Яков Федорович явно уходил от ответа.
— Ну а все-таки, есть у вас мечта?
— А разве может быть человек без мечты? Небось и на смертной постели мечтать не перестанешь. У меня сын, внук, я об их жизни мечтаю.
— Нет, а для себя?
— Для себя? — Его серые щеки чуть порозовели. — Стыдно признаться в таком… Мелочно! Да и мечтой не назовешь. А мечтаю я получить «Заслуженного работника общественного питания». Это высшее звание в нашем пищевом мире. Конечно, может, я его и недостоин. Но ведь бумаги-то на меня когда еще заготовили, только послать не соберутся. А это обидно! Хотя, с другой стороны, может, задумали мне сюрприз к девяностолетию сделать. Девять раз по девять на свете прожил, неужели еще одну девятку не дотерплю?..
— Яков Федорович, а почему вы, такой хороший и трудовой человек, не член партии?
Он чуть помедлил:
— Вы картину «Твой современник» смотрели?.. Помните, Губанов Ниточкину такой же вопрос подкинул? А тот говорит: в партию не может просто хороший и честный человек вступать, тут еще довесок требуется. Я слов точно не помню, но по смыслу так.
— К вам это не относится, вы и воевали, и…

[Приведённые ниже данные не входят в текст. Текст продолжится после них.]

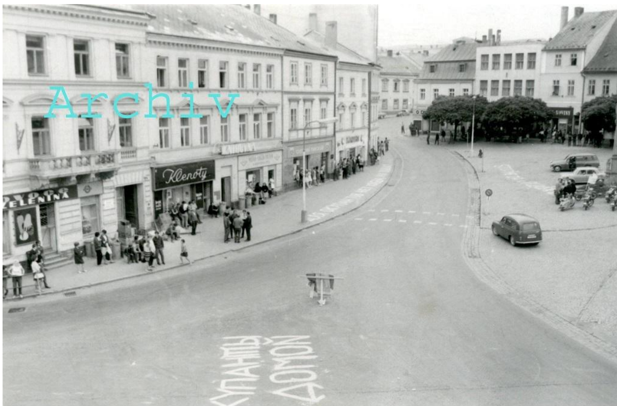
Náměstí s nápisy na silnici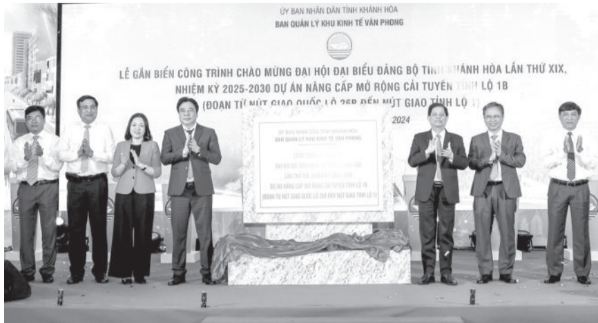
● Các đại biểu thực hiện nghi thức gắn biển Công trình chào mừng Đại hội đại biểu Đảng bộ tỉnh lần thứ XIX, nhiệm kỳ 2025 - 2030 đối với Dự án Nâng cấp mở rộng cải tuyến Tỉnh lộ 1B.

Dự án có vai trò thu hút, thúc đẩy, sử dụng hiệu quả các nguồn lực trong và ngoài nhà nước cho đầu tư phát triển kinh tế - xã hội trên địa bàn, phát triển KKT Vân Phong trở thành động lực phát triển của tỉnh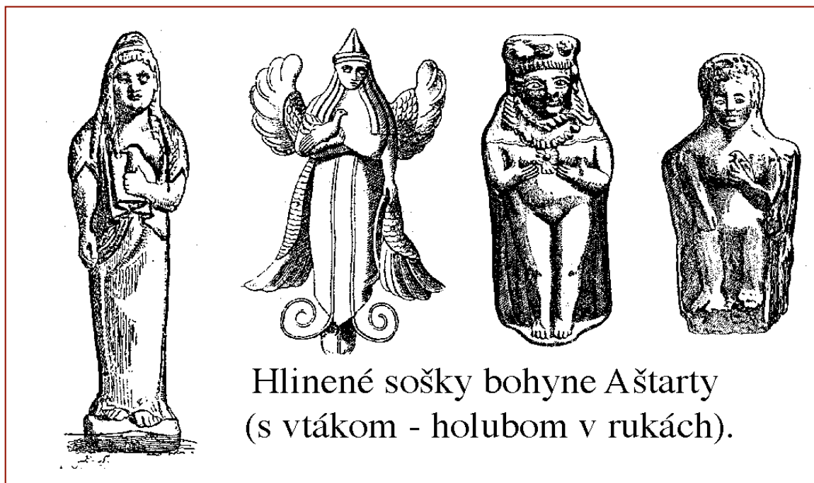
Hlinené sošky bohyně Aštarty (s vtákom - holubom v rukách).

Postupom času sa zobrazovala bez šiat a s vtákom-holubom v rukách 32 (odtiaľ výrazy nahý = holý ). Jej pripisovali na vrub stvorenie sveta a rovnako neexistujúci vopred stanovený "osud" človeka.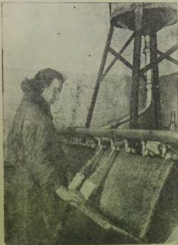
Украина. молочно-городная коммуна „Червона Зоря“. Разлив кефира.

социалистического сельскохозяйственного сектора в других районах.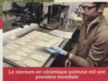
Le sternum en céramique poreuse est une première mondiale

à commande numérique, des centres de fraisage « 5 axes palettisés » et une rectifieuse couplée à un centre de tournage. Afin de travailler des minéraux aussi durs que le diamant, la medtech limougeaude a misé sur l'acquisition d'un premier centre d'usinage par ultrasons. Cette technique est la seule au monde capable d'usiner une céramique poreuse. Les équipes d'I.Ceram recourent à cette technologie ultrasonique pour fabriquer les formes finales des implants directement dans des blocs de céramique frittée. Ces investissements ouvrent la voie à la production d'implants osseux volumineux jusqu'à 1.000 cm 3 . Bientôt omoplates, tibias, et fémurs pourront être remplacés par des implants en biocéramique. De plus, dans trois ans, le nouveau siège d'I.Ceram sera opérationnel. Plus qu'un agrandissement de locaux, c'est une révolution numérique qui accompagnera cette modernisation. Plus d'espace, moins de temps perdu et des acteurs connectés en permanence, l'usine du futur a vocation à valoriser le travail de chacun et favoriser son bien-être.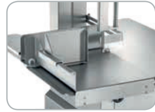
Piano scorrevole opzionale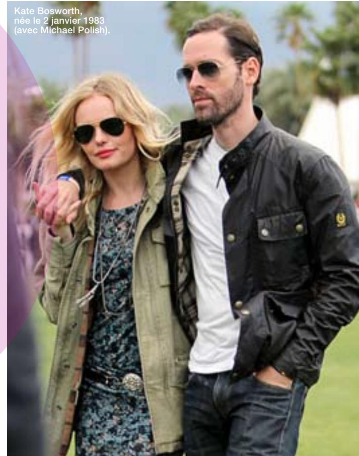
Kate Bosworth, née le 2 janvier 1983 (avec Michael Polish).

Votre modus amorandi pourrait ces temps-ci être qualifié d'"attachement distant". On vous aura rarement vue aussi fidèle à vous-même, affichant ouvertement votre nature profondément double. Dans votre bouche, un oui pourra dire non, et vice versa : la communication ambivalente sera votre spécialité. Pas facile à décrypter pour un amoureux d'un soir ou d'un été. Sauf que le cosmos vous demandera tôt ou tard de clarifier la situation et d'admettre qu'une certaine confusion règne. Car si vous vous sentez perplexe d'un côté, vous n'en serez que plus embourbée de l'autre. Et vous qui faites souvent l'apologie de la franchise, mettez donc vos principes en application ! Les obstacles disparaîtront peu à peu, vos projets avanceront à la vitesse grand V, y compris vos envies amoureuses. Corollaire agréable, l'argent coulera à flots, vos amis vous entoureront, et, surtout, la target que vous cibleriez sera ravie de se mettre à votre service.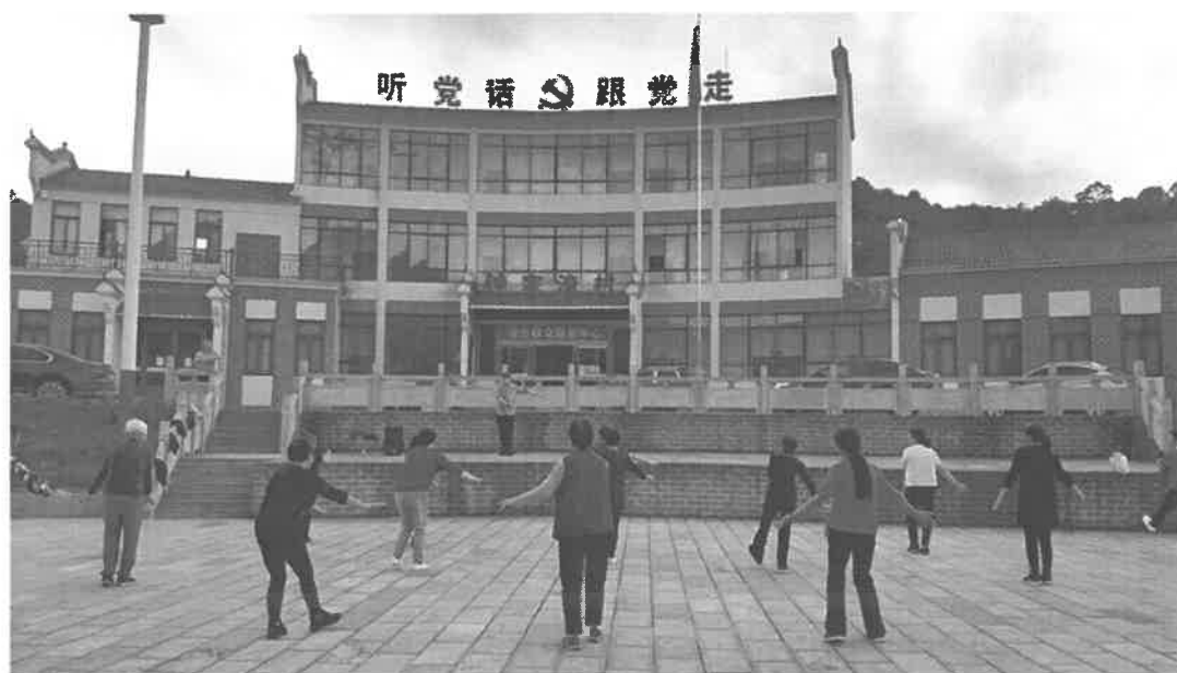
图 4-2 到长阳县大堰乡钟家湾村对村民开展舞蹈培训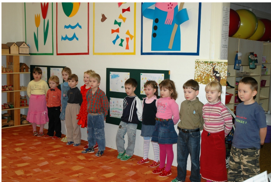
Dzień Babci 2007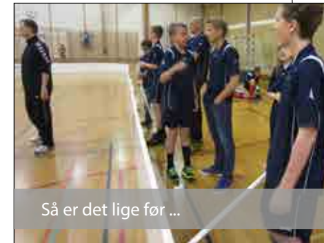
Så er det lige før ...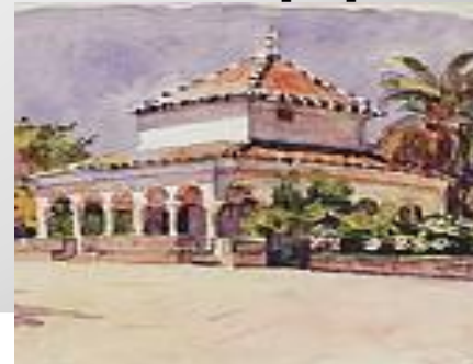
Севиля. Альказар. 1910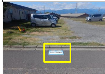
寿台-14 寿台8丁目駐車場:路面貼付型 駐車場東側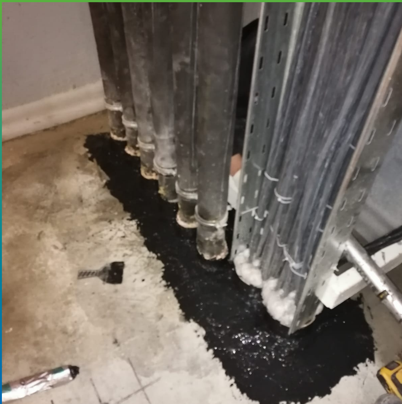
Герметизация ввода коммуникаций при помощи Манодил Бонд Ф.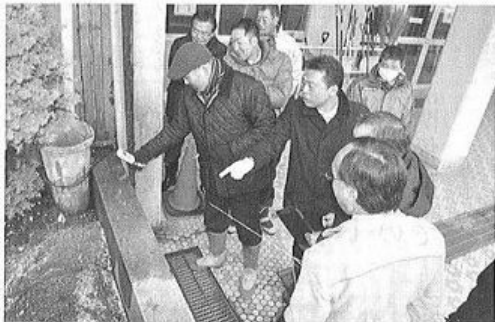
議員たちが片中玄関先で放射線量を検査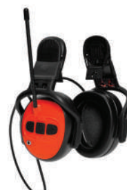
PROTECTORES AURICULARES COM RÁDIO FM 578 27 49-03

— Нет! — перебил Усков. — У меня дело хуже. Ниточкину недоставало, а у меня лишек, который и не пускает в партию. Чаевые, чтоб им пусто было! Вот вы о мечте спрашивали. Уж я ли не мечтал, чтоб чаевых не давали! — пустое, дают, навязывают, можно сказать. А не, могу я клиента отказом обидеть, не то воспитание…
Старый наездник
Я всегда любил лошадей, как только себя помню. Еще до памяти — могу это ответственно утверждать — первым впечатлением широкого, внекомнатного мира, проникшим в мое еще дремлющее сознание, была лошадь. В нашем дворе находились самые большие винные склады Москвы. И с раннего утра до позднего вечера сюда доставляли — зимой на санях, летом на телегах — бочки с вином, рогожные кули с сахаром, ящики с пустыми бутылками. И я не помню дня, кроме, разумеется, праздников, когда бы во дворе не грудились подводы. Среди беспородных ломовых лошадей встречались и могучие тяжеловозы — битюги с крутыми гривастыми шеями и мохнатыми бабками, летом эти аристократы щеголяли в кокетливых соломенных шляпках, позже появились и знатные иностранцы — першероны с литыми крупами, по которым мальчишки любили стрелять из рогаток. Это делалось вовсе не из жестокости, нравилось, как могучий равнодушный конь лениво передергивал кожей и плавно обмахивался тяжелым хвостом. Во дворе восхитительно пахло навозом, конским потом, соломой, сеном, колесным дегтем.
Могу добавить, я никогда не боялся лошадей, приучившись трогать их еще с рук взрослых. Стоит мне вспомнить об этом, и в подушечках пальцев щекотно возникает ощущение теплого бархатистого храпа и губ, прохлады тугого, полного, под жесткими ресницами глаза, резиновой упругости ушей.
Моей первой упряжной лошадью был кровный орловский рысак Хапун вороной масти, обитавший в конюшне на задах нашего дома. В будни Хапуна запрягали в лакированную пролетку, по праздникам — в роскошный экипаж на дутых шинах, с блестящими висконтином, кожаной полостью и фонарем на передке. Широкие козлы не вмещали ватный зад кучера Агафоныча, добряка с каленым разбойничьим лицом. Агафоныч возил сперва богача-нэпмана, потом какого-то большого начальника, но с переменой владельца выезд ничуть не изменился, оставаясь таким же парадным и дутым.
Агафоныч, лечивший у моего деда-врача застарелые костные хворости, охотно осаживал Хапуна, чтобы прокатить меня по Армянскому переулку до Покровки. Я проделывал это короткое путешествие в полубреду, так непомерно и непосильно было наслаждение.